Repeat each entry word for word; the images are not part of the copy.
##### EXCERPTED DATA #####
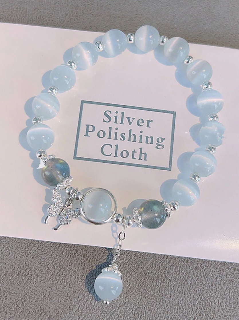 [Designhøydepunkter]: De intrikate detaljene på sommerfuglsjarmen og de fine sølvkapslene rundt fokusperlen fremhever armbåndets estetiske uttrykk. Den dinglende perlen, som er festet til fokuspunktet med et tynt sølvkjede, gir det elegante designet et lekent preg som gjør det allsidig til ulike anledninger.
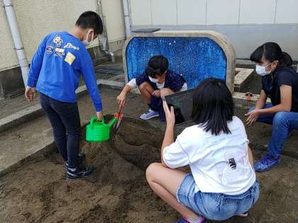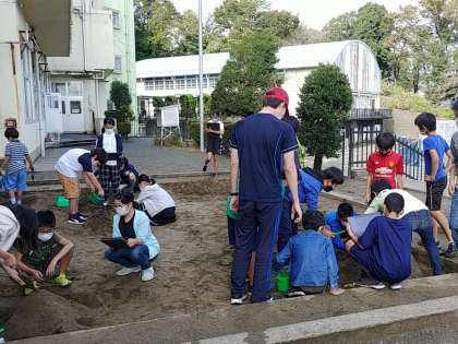 今日の5年生の理科は、とても楽しそうなことをしていました。みんなで砂場に行って、お山を作り、お山のてっぺんから道を作り、最後に水を流しました!
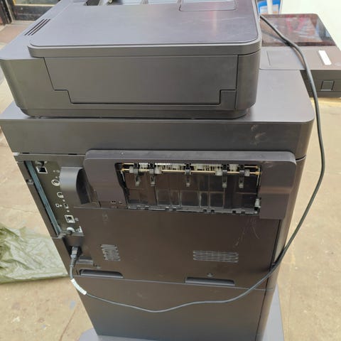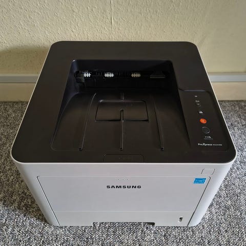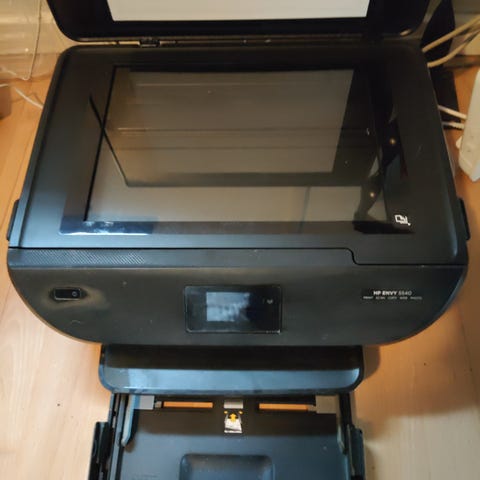 Sawgrass Virtuoso SG500 printer i hvid. Printeren har frontbetjent kontrolpanel med display og knapper samt papirbakke i fronten. Egnet til kontor- eller hobbybrug, f.eks. til print af dokumenter eller specialprint afhængigt af installeret blæk og papirtype. Tilslutningsmuligheder og øvrige tekniske specifikationer afhænger af den konkrete konfiguration og kan kontrolleres i producentens dokumentation.Alt virker fint, patronerne er ude.
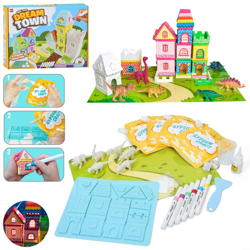 Набір для творчості I003 Місто мрій,побудуй будинок,світло,динозаври 6шт,гипс,формочки,інструм.,бат.
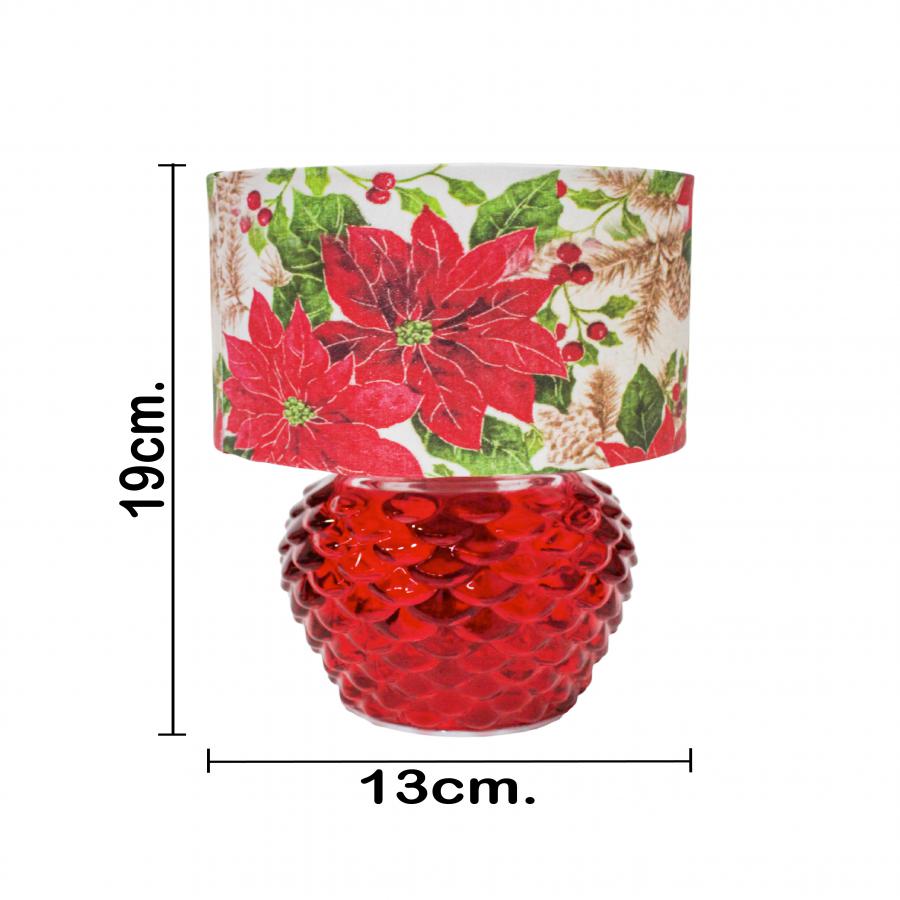 Lámpara roja con diseño de escamas y una pantalla con diseño de nochebuenas. Esta pieza es ideal para quienes buscan una decoración festiva y llena de estilo. Su diseño único y toque de color evoca una sensación de frescura y tranquilidad, perfecta para crear un ambiente único que ilumine tus noches. Material: cerámica y LED.
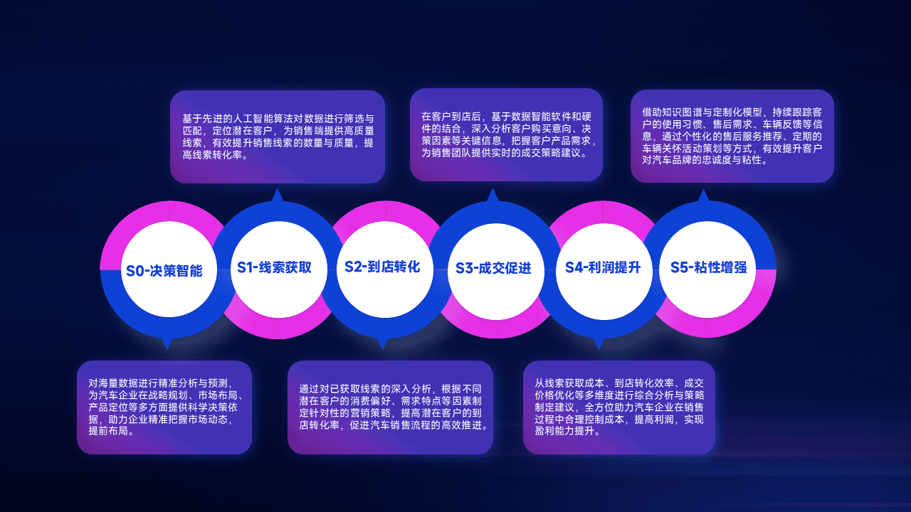 通过拓宽潜在客户来源、、、优化线索分配并提高到店转化率,,,,以增强销售效率。。。。同时,,,利用线索数据不断优化分析模型,,,有效提升转化率,,扩大营销影响力。。。。
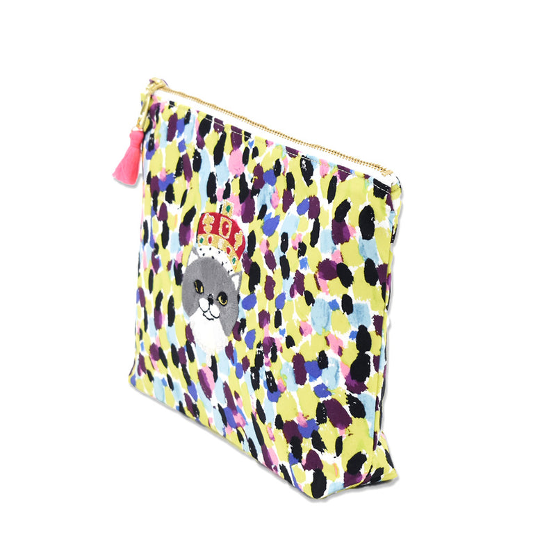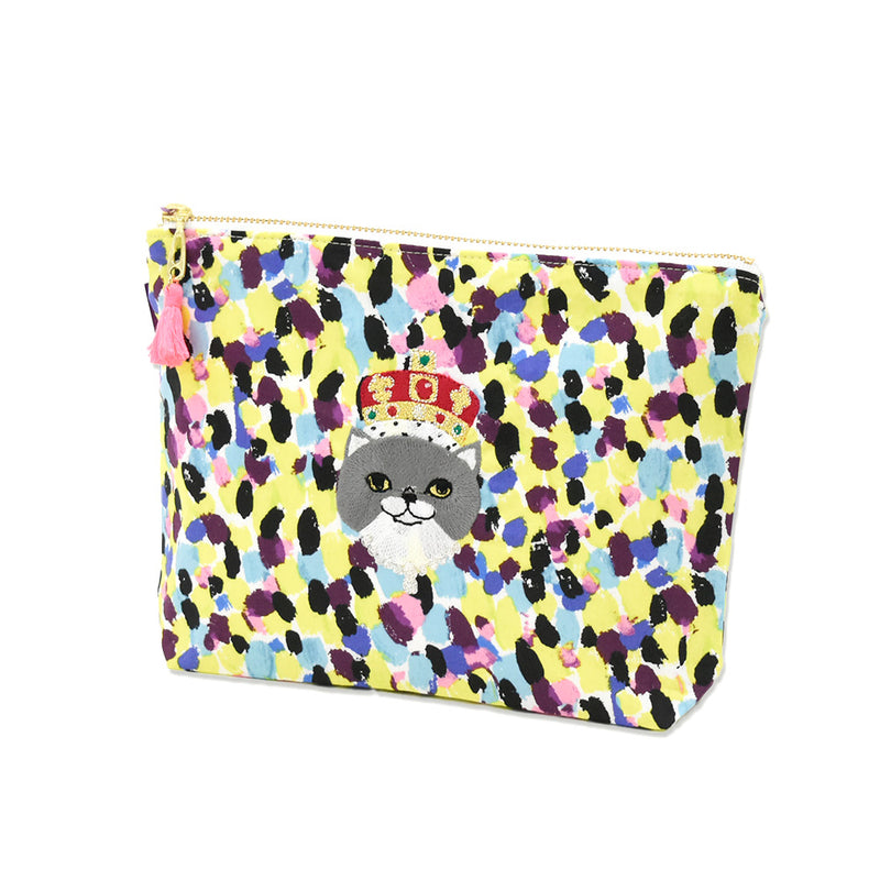生き生きとした表情や仕草がかわいい猫ちゃんの刺繍ポーチ。
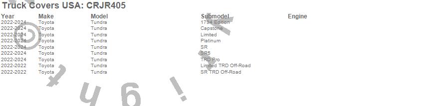 Below is an abbreviated list of applications for the American Work Cover JR..Tundra, Toyota, 2024, 2023, 2022
#####
RESULT OF THIS TASK »
 [Designhøydepunkter]: De intrikate detaljene på sommerfuglsjarmen og de fine sølvkapslene rundt fokusperlen fremhever armbåndets estetiske uttrykk. Den dinglende perlen, som er festet til fokuspunktet med et tynt sølvkjede, gir det elegante designet et lekent preg som gjør det allsidig til ulike anledninger.
 今日の5年生の理科は、とても楽しそうなことをしていました。みんなで砂場に行って、お山を作り、お山のてっぺんから道を作り、最後に水を流しました!
 Sawgrass Virtuoso SG500 printer i hvid. Printeren har frontbetjent kontrolpanel med display og knapper samt papirbakke i fronten. Egnet til kontor- eller hobbybrug, f.eks. til print af dokumenter eller specialprint afhængigt af installeret blæk og papirtype. Tilslutningsmuligheder og øvrige tekniske specifikationer afhænger af den konkrete konfiguration og kan kontrolleres i producentens dokumentation.Alt virker fint, patronerne er ude.
 Набір для творчості I003 Місто мрій,побудуй будинок,світло,динозаври 6шт,гипс,формочки,інструм.,бат.
 Lámpara roja con diseño de escamas y una pantalla con diseño de nochebuenas. Esta pieza es ideal para quienes buscan una decoración festiva y llena de estilo. Su diseño único y toque de color evoca una sensación de frescura y tranquilidad, perfecta para crear un ambiente único que ilumine tus noches. Material: cerámica y LED.
 通过拓宽潜在客户来源、、、优化线索分配并提高到店转化率,,,,以增强销售效率。。。。同时,,,利用线索数据不断优化分析模型,,,有效提升转化率,,扩大营销影响力。。。。
生き生きとした表情や仕草がかわいい猫ちゃんの刺繍ポーチ。
 Below is an abbreviated list of applications for the American Work Cover JR..Tundra, Toyota, 2024, 2023, 2022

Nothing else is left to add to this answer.